Radical chic or iconoclast cool; whatever you call the attitude, organizers of this Summer’s Edgefest ’97 concert tour are counting on it to sell ad space in their first-ever souvenir program guide.

Toronto’s Chart magazine, in conjunction with Universal Concerts Canada, is developing the program guide for advertisers who want to reach Canada’s 16- to 29-year-old ‘alternative’ rock fans. What used to be the avant garde sub-strata of the bigger rock/pop audience has moved decidedly into the mainstream, and the guide’s developers are claiming a potential audience of 175,000 as the Edgefest tour ­ for the first time in its seven-year history ­ visits eight cities across the country.

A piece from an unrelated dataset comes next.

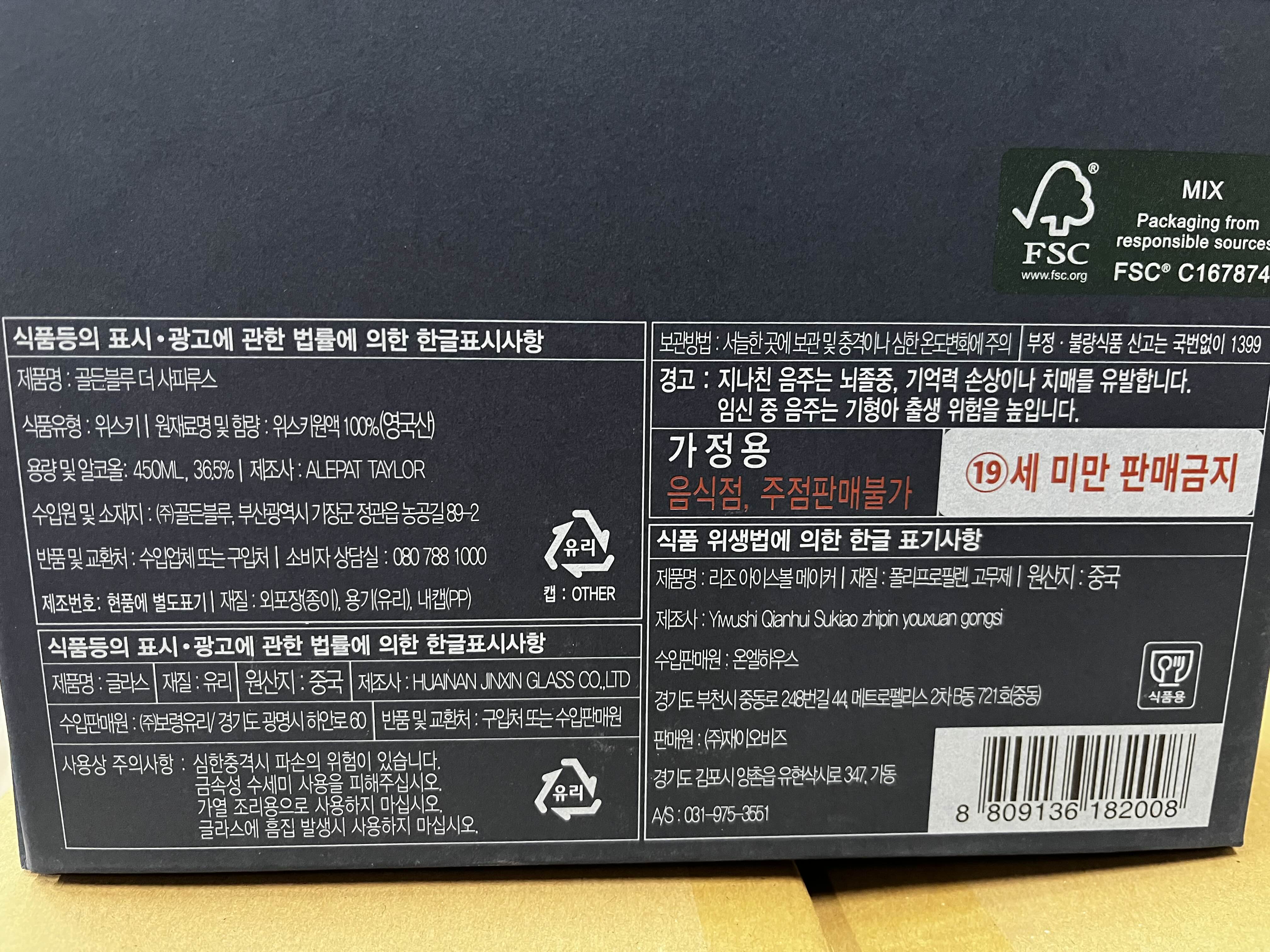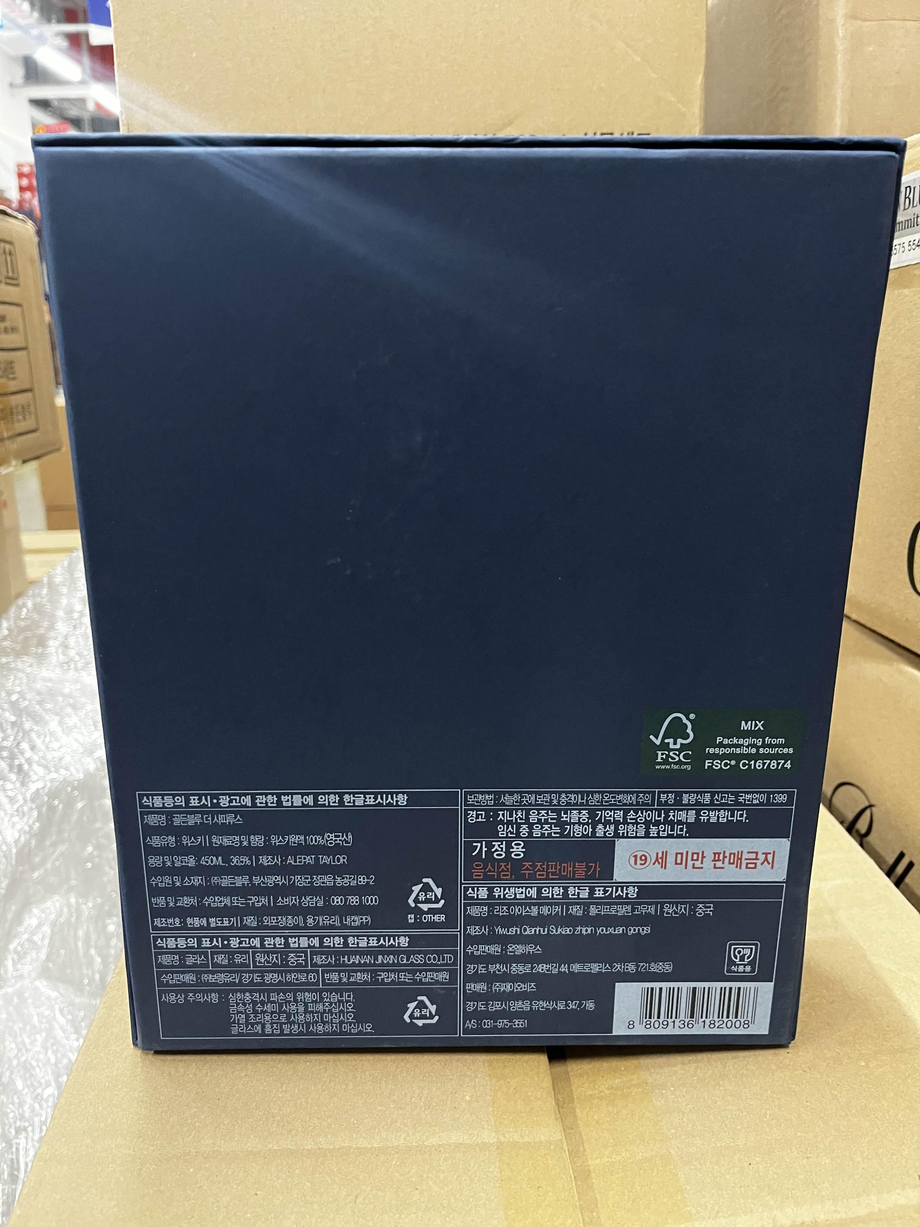 보통의 경우에는 이렇게 낱병으로 판매가 되지만 명절이나 특별한 경우에는 위스키잔을 함께 구성해서 판매하고 있습니다.

‘The idea is to create additional value for the people who are attending the concert,’ says Bill Jones of Edgefest organizer Universal Concerts. ‘We wanted them to have a keepsake that would commemorate the first year of the tour going national.’

Jones is targeting about 50 per cent penetration of the Edgefest audience with a print run of 67,000 copies. They will be given away to ‘eager fans’ at each concert site. Negotiations are also underway to partner with a national music retailer and sell merchandise at each concert site.

So what will alt-rock fans think about all of this ‘crass’ commercialization?

‘Cool is still very important,’ says David Ackerman, sales development manager for Chart magazine. ‘There are a lot of advertisers we won’t take, and it’s going to be presented that way in the style and the design. We’ll lose people if we do anything that blows that idea up.’